* **GIVEN DATA**
*** Block opens ***

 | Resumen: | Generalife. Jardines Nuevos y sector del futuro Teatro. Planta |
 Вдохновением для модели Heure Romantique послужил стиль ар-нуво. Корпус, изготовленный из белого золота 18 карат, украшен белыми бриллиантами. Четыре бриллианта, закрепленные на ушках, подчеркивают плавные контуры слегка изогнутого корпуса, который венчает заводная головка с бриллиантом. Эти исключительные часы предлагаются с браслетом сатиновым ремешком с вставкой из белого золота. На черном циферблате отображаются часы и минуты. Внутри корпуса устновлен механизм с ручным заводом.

*** Block closes ***
*** Block opens ***

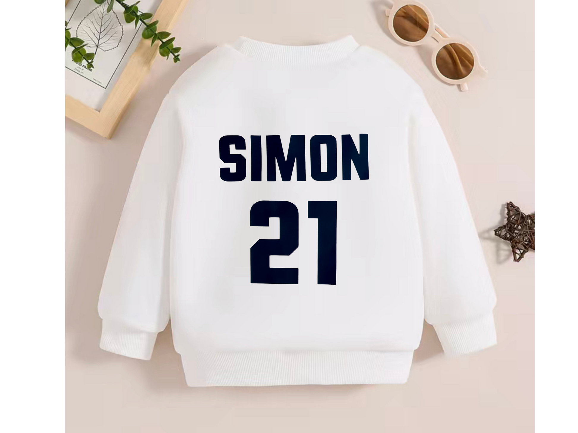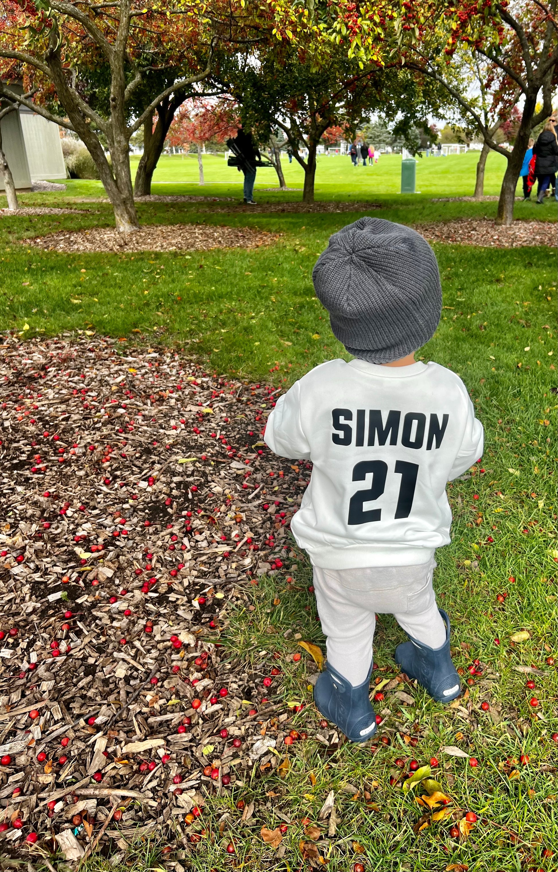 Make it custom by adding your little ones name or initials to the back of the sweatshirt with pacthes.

*** Block closes ***

* **TASK REQUIREMENTS**
Give again, word for word, every line of the listing above from the one with "Teatro. Planta |" to the one with "Вдохновением для модели", both inclusive, and nothing beyond them.

* **EXPECTED OUTPUT**
 | Resumen: | Generalife. Jardines Nuevos y sector del futuro Teatro. Planta |
 Вдохновением для модели Heure Romantique послужил стиль ар-нуво. Корпус, изготовленный из белого золота 18 карат, украшен белыми бриллиантами. Четыре бриллианта, закрепленные на ушках, подчеркивают плавные контуры слегка изогнутого корпуса, который венчает заводная головка с бриллиантом. Эти исключительные часы предлагаются с браслетом сатиновым ремешком с вставкой из белого золота. На черном циферблате отображаются часы и минуты. Внутри корпуса устновлен механизм с ручным заводом.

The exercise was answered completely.